The Trump administration has radicalized decades of practice, but in doing so, it has produced a significant qualitative change. Under Trump, the United States has broken with the legacy of the Enlightenment and has practically abandoned the “rules-based international system” that it previously claimed to represent and lead, but which it often did not follow in practice. From this perspective, the gradually expanding conflict with Russia and China can also be interpreted as a process in which others first learn to respond to US self-regarding unilateralism by responding in kind, and then, as the process deepens, the US adopts unilateralism and selfishness as its official doctrine.

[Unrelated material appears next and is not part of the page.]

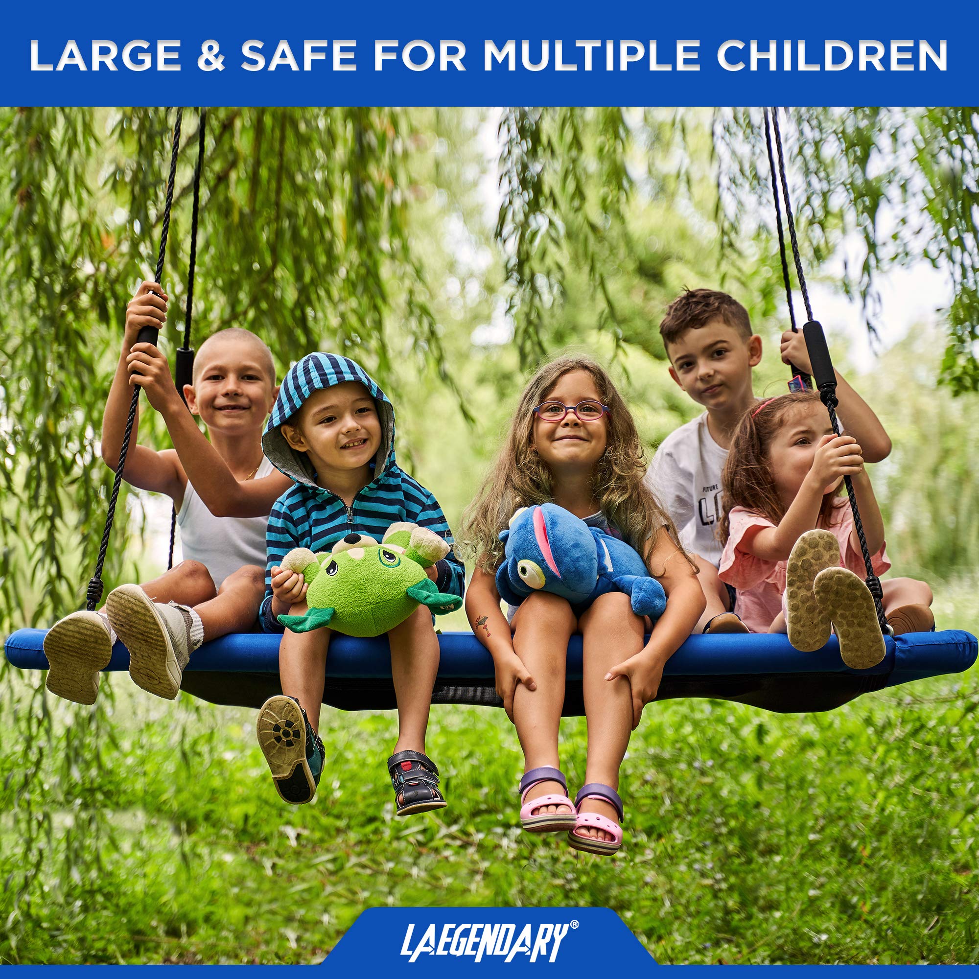 - SAFE & STURDY - No pinching, no scratching, just swinging! With extra thick padding, weather-resistant material, and soft-touch handles, these large swings for kids will be the source of fun for years to come.

The group of like-minded leaders convened in London on 2 March 2025 want to continue to hold on to the dichotomous worldview that prevailed in the West, in which the neoliberal West represents goodness, Ukraine and Zelenskyy are heroes, and Russia represents expansionist evil that can only be countered with force. Although the ceasefire and talk of a peace process may be steps in the right direction, the main focus of the meeting seemed to be more on preparing for war. There was also talk in London of sending troops to Ukraine.

How is this grouping committed to the peace process and security in Ukraine? Starmer said there are plans to form a “coalition of the willing” to implement a possible peace deal. According to Starmer, the UK is ready to support this with troops and aircraft, along with others.

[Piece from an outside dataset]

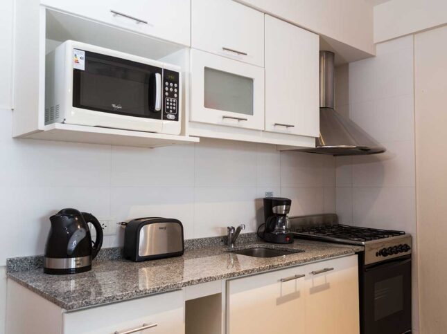 - Cocina a gas totalmente equipada con microondas y heladera, tostador, pava eléctrica
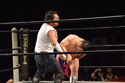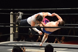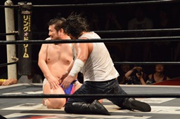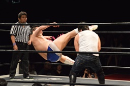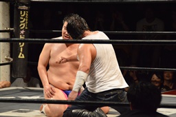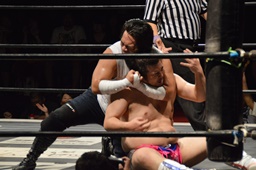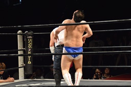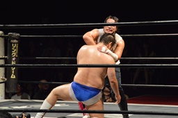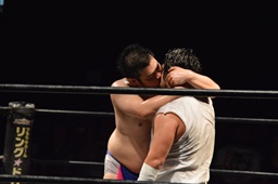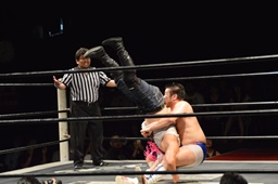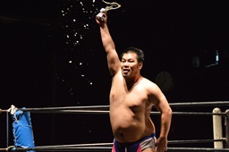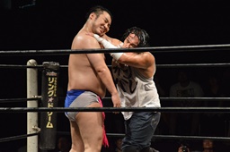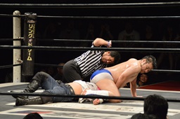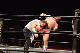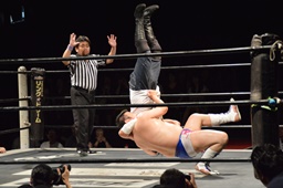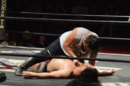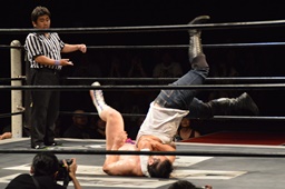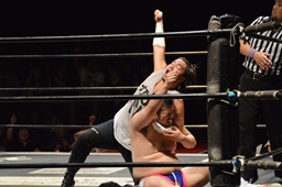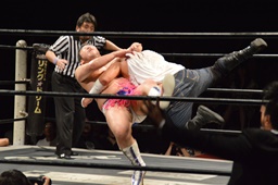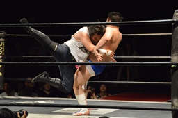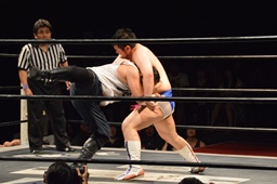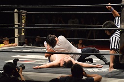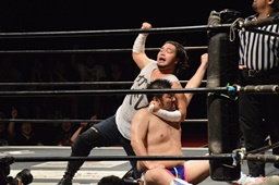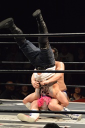 漢固め(右写真)でカウント3。

The details of the role of the troops are still unclear, but it seems that the discussions emphasized securing the peace and ensuring Ukraine’s sovereignty. Von der Leyen stressed that borders cannot be changed by force, which could indicate a peacekeeping operation, but the same statement can also be interpreted differently. It could also mean continuing the war until Russia is forced to give up the territories it has captured. If the war must continue until Ukraine has regained its territory, then Ukraine will need even stronger military support – whether in the form of weapons, funding, or possibly even troops.

The problem is not only the simplistic dichotomous narrative presented by the London grouping and its practical consequences but also the fact that sending troops from NATO countries to Ukraine during the war would mean expanding the war into a confrontation between Russia and NATO (or at least the “coalition of the willing”).

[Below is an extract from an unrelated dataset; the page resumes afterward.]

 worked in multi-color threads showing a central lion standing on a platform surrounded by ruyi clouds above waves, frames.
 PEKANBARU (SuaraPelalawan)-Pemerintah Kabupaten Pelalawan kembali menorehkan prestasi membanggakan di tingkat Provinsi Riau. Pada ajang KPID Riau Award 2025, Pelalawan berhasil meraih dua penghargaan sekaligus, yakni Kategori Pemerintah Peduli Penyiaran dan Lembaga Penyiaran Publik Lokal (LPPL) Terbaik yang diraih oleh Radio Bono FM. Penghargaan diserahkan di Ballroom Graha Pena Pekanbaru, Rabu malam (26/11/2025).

The idea of ​​mobilizing troops to secure peace is better but practically unfeasible. Likely, this could only be done against Russia’s will. Without Russia’s approval, sending NATO troops to Ukraine could easily be interpreted as an act of aggression, as it directly conflicts with Russia’s main objective. A functioning peace process requires impartial mediators and peacekeepers who are as much outsiders to the conflict as possible.

The group that gathered in London should take the ideals it professes more seriously. If the goal is to strengthen common multilateral institutions, then the UN and the OSCE should be placed at the centre of the peace process. They should play a central role in both the peace process and peacekeeping. Peacekeeping forces must come from outside NATO. In negotiations, all issues must be on the table until everything is agreed. The model of temporal international administration could be utilized in regional issues. The central goal of the OSCE and the UN is negotiated and supervised disarmament, not rearmament.

No process will progress without dialogue, in which each party is prepared to listen to the other. Dialogue includes making compromises, understanding nuances and, in the best case, learning to tell better stories about oneself and others.